### TASK BRIEF
Within the entries below, output exactly the lines between the line containing "Гель R.O.C.S. Medical" and the line containing "Preisübergabe durch Hans-Heinrich", inclusive, and omit any picture.

### DATA LISTING
---

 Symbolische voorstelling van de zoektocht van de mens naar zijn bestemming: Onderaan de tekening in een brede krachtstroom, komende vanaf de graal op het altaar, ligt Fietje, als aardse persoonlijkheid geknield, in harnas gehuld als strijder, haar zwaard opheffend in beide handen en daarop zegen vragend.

---

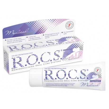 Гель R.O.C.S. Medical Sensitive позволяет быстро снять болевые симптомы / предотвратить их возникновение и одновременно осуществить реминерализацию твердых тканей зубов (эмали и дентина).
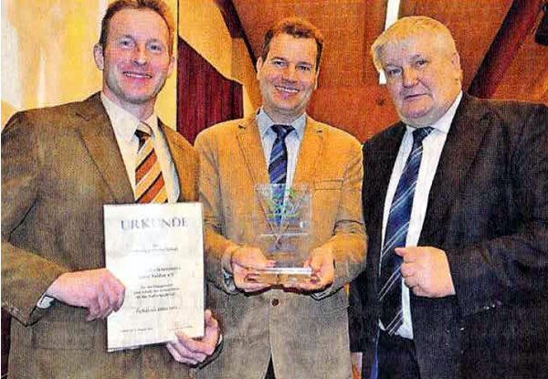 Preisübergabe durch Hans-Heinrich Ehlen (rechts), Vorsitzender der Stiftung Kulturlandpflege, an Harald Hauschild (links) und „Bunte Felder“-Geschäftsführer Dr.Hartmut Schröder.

---

### EXPECTED ANSWER
 Гель R.O.C.S. Medical Sensitive позволяет быстро снять болевые симптомы / предотвратить их возникновение и одновременно осуществить реминерализацию твердых тканей зубов (эмали и дентина).
 Preisübergabe durch Hans-Heinrich Ehlen (rechts), Vorsitzender der Stiftung Kulturlandpflege, an Harald Hauschild (links) und „Bunte Felder“-Geschäftsführer Dr.Hartmut Schröder.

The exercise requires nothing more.